■ WORK INSTRUCTIONS
What is needed is an exact copy of every entry below, with the pictures left out.

[Stored items from a collection]
- Opening Delimiter -
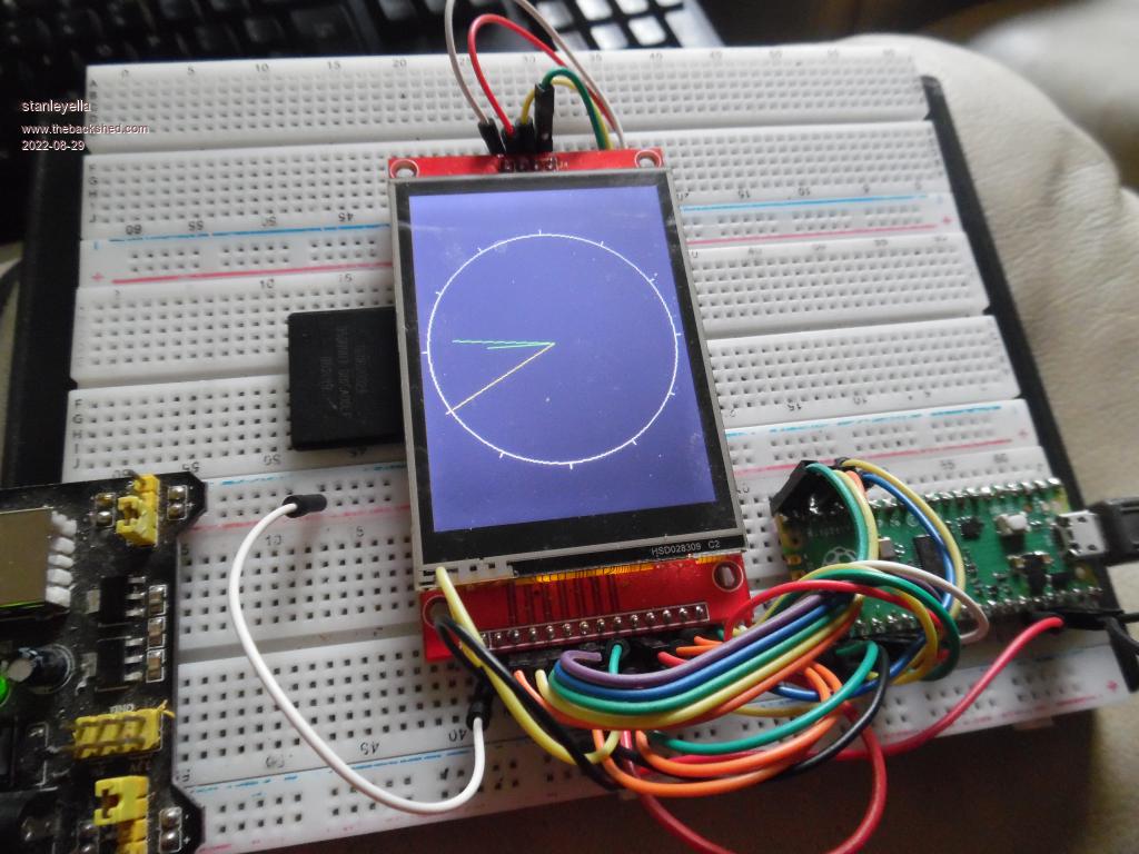 I had to comment '----------get time from I2C RTC----------' 'RTC gettime 'waitloop: 'If Val(Mid$(Time$,7,2)) = 0 Then GoTo waitloop Because I do not have it and gave an error. It now works. clocks are a good way of learning mmbasic trigonometry. worked picomite ili9341 |
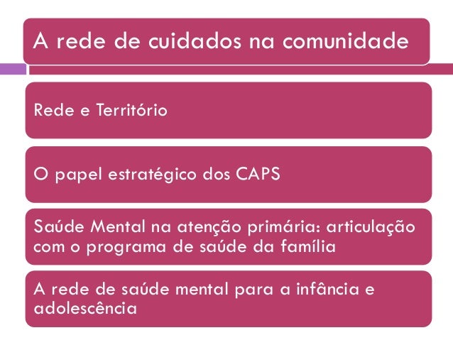 30. 30. A rede de cuidados na comunidade Rede e Território O papel estratégico dos CAPS Saúde Mental na atenção primária: articulação com o programa de saúde da família A rede de saúde mental para a infância e adolescência
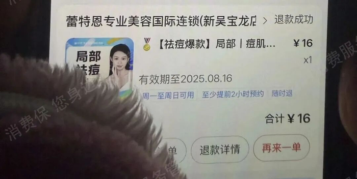 小吴(化名)回忆起去年刚毕业时的经历,依然觉得不可思议。她原本只是在美团团购上刷到蕾特恩祛痘机构“16元体验祛痘清洁”的优惠团购券,想着试试也无妨,没想到这16元最后变成了两万多元的沉重负担。
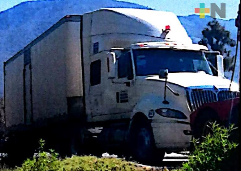 Asimismo, en Río Blanco fue asegurado un tracto camión marca Internacional con placas 14AJ9D y una caja seca marca Fruehauf, placas 397UM1; y en Xalapa se recuperó un Chevrolet, Corsa, placas YKH8316; todas las unidades contaban con reporte de robo.
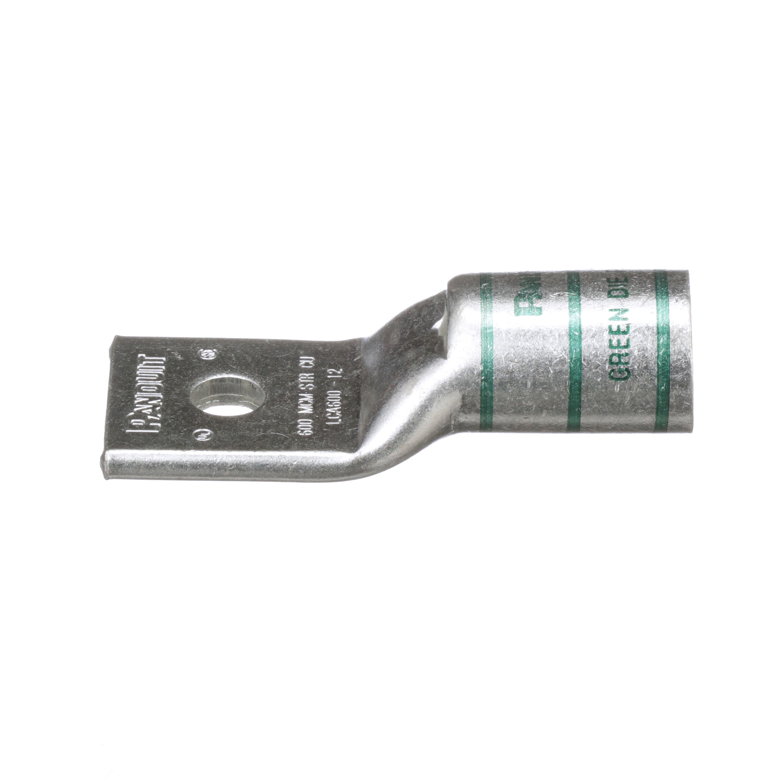 La cosse de compression étamée en cuivre à un trou et fût standard LCA600-12-6 possède des fûts à codage couleur et marquage avec numéros d'index de matrice Panduit et concurrents pour une sélection de matrice de sertissage adéquate. Une fenêtre d'inspection permet d'assurer visuellement l'insertion complète des conducteurs, et la finition étamée permet d'inhiber la corrosion. Homologué UL et certifié CSA pour 35 kV et température homologuée à 90 °C.
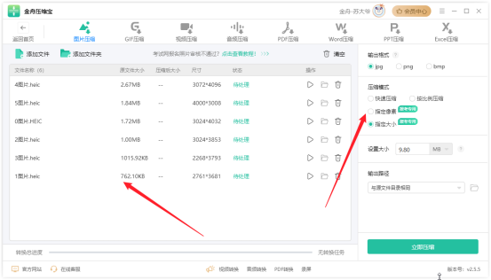 操作步骤:打开金舟压缩宝,选择“图片压缩”功能,批量导入需要压缩的图片,选择JPG格式,调整图像品质(设置压缩模式和压缩程度)进行压缩,点击“立即压缩”。
- Closing Delimiter -
■ WRITTEN SOLUTION
 I had to comment '----------get time from I2C RTC----------' 'RTC gettime 'waitloop: 'If Val(Mid$(Time$,7,2)) = 0 Then GoTo waitloop Because I do not have it and gave an error. It now works. clocks are a good way of learning mmbasic trigonometry. worked picomite ili9341 |
 30. 30. A rede de cuidados na comunidade Rede e Território O papel estratégico dos CAPS Saúde Mental na atenção primária: articulação com o programa de saúde da família A rede de saúde mental para a infância e adolescência
 小吴(化名)回忆起去年刚毕业时的经历,依然觉得不可思议。她原本只是在美团团购上刷到蕾特恩祛痘机构“16元体验祛痘清洁”的优惠团购券,想着试试也无妨,没想到这16元最后变成了两万多元的沉重负担。
 Asimismo, en Río Blanco fue asegurado un tracto camión marca Internacional con placas 14AJ9D y una caja seca marca Fruehauf, placas 397UM1; y en Xalapa se recuperó un Chevrolet, Corsa, placas YKH8316; todas las unidades contaban con reporte de robo.
 La cosse de compression étamée en cuivre à un trou et fût standard LCA600-12-6 possède des fûts à codage couleur et marquage avec numéros d'index de matrice Panduit et concurrents pour une sélection de matrice de sertissage adéquate. Une fenêtre d'inspection permet d'assurer visuellement l'insertion complète des conducteurs, et la finition étamée permet d'inhiber la corrosion. Homologué UL et certifié CSA pour 35 kV et température homologuée à 90 °C.
 操作步骤:打开金舟压缩宝,选择“图片压缩”功能,批量导入需要压缩的图片,选择JPG格式,调整图像品质(设置压缩模式和压缩程度)进行压缩,点击“立即压缩”。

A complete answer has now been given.